# PCD on June 24th!



## darwin316 (Apr 29, 2009)

Hey guys..

I ordered an 09 M3 e90 DCT a couple of weeks ago and it's finally in production! The earliest we can schedule PCD is June 24th though, so the wait is gonna suck :bawling:

Anyways, I just got an email packet that stated that the factory tour will be closed at that time. I wonder what's gonna be available to replace that time period.



Darwin


----------



## Vitacura (Jul 22, 2005)

Welcome aboard and Congrats on your order! Delivery will be a blast!


----------



## I-Won-Today (Feb 21, 2007)

darwin316 said:


> Hey guys..
> 
> I ordered an 09 M3 e90 DCT a couple of weeks ago and it's finally in production! The earliest we can schedule PCD is June 24th though, so the wait is gonna suck :bawling:
> 
> ...


Congrats :thumbup: I look forward to meeting you.

Yes the BMW factory has informed us they will shut down production that entire week. Unfortunately there is nothing that will replace that segment. Everyone's day will just conclude earlier (around 1pm).

Good luck with the wait :thumbup:


----------



## darwin316 (Apr 29, 2009)

Vitacura said:


> Welcome aboard and Congrats on your order! Delivery will be a blast!
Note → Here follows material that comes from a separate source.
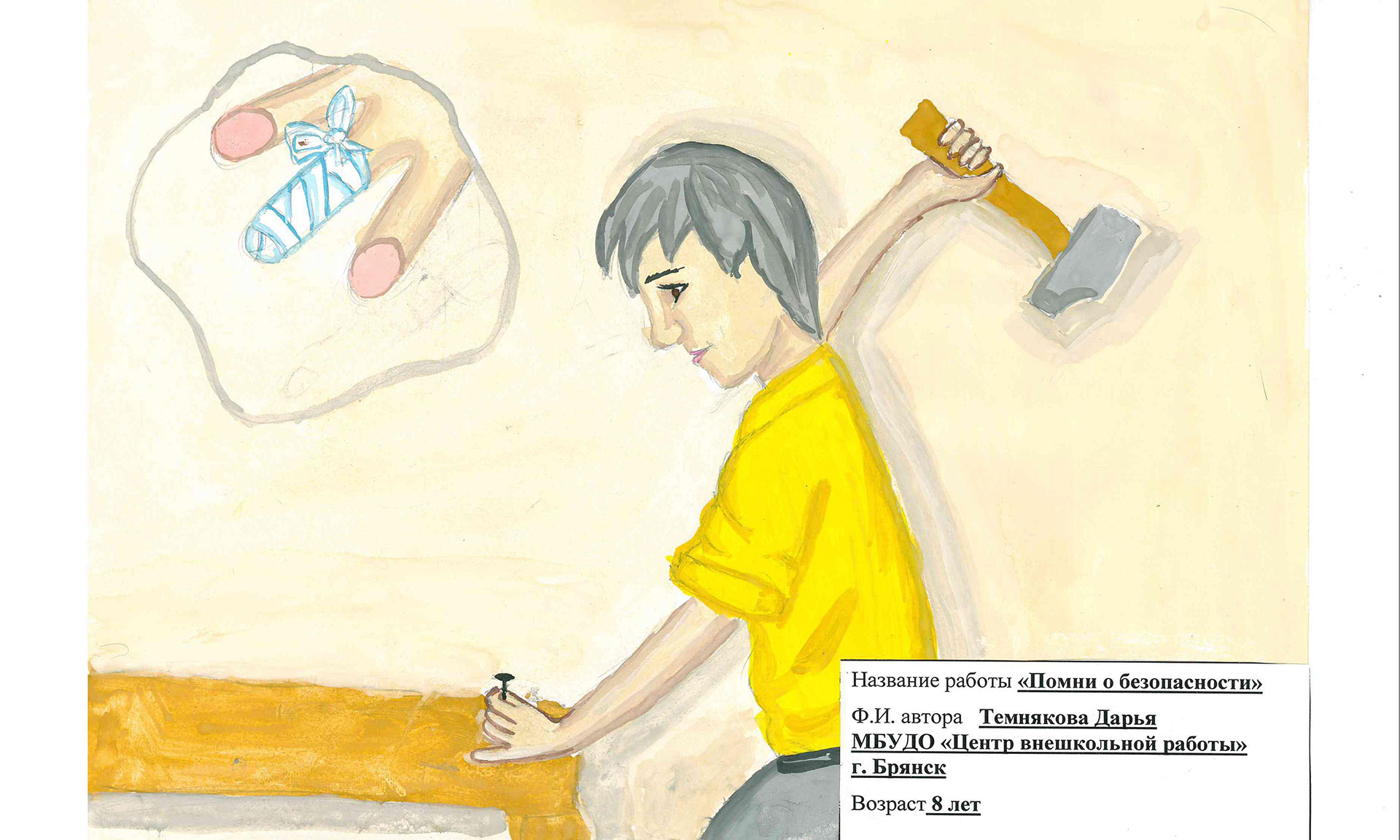 - конкурсная работа «Помни о безопасности» Дарьи Темняковой, 8 лет, МБУДО «Центр внешкольной работы» Брянска;

Thanks... I sure hope it does!



I-Won-Today said:


> Congrats :thumbup: I look forward to meeting you.
> 
> Yes the BMW factory has informed us they will shut down production that entire week. Unfortunately there is nothing that will replace that segment. Everyone's day will just conclude earlier (around 1pm).
> 
> Good luck with the wait :thumbup:


Thanks for the info. I guess it's good since my wife and I are planning to go to Charleston that day after the delivery.

Btw, do you guys allow M3 DCT owners to test out the launch control? 
I would rather try it out in a controlled environment rather than the street :thumbup:


----------



## I-Won-Today (Feb 21, 2007)

No launch control tests here  Our enviroment is not controlled enough for that. 

I'd recommend a big empty parking lot with nothing to hit for at least 100 yards and some car control skills.

Take it from experience, be sure to warm those tires up first :bigpimp:


----------



## darwin316 (Apr 29, 2009)

I-Won-Today said:


> No launch control tests here  Our enviroment is not controlled enough for that.
> 
> I'd recommend a big empty parking lot with nothing to hit for at least 100 yards and some car control skills.
> 
> Take it from experience, be sure to warm those tires up first :bigpimp:


aaahhh... oh well, i tried 

Looking forward to meeting you there!


----------



## turpiwa (Jun 13, 2005)

I-Won-Today said:


> No launch control tests here  Our enviroment is not controlled enough for that.
> 
> I'd recommend a big empty parking lot with nothing to hit for at least 100 yards and some car control skills.
> 
> ...


I am doing PCD on the 24th June as well - followed by 2 days of the M3 School :thumbup: So will see you there!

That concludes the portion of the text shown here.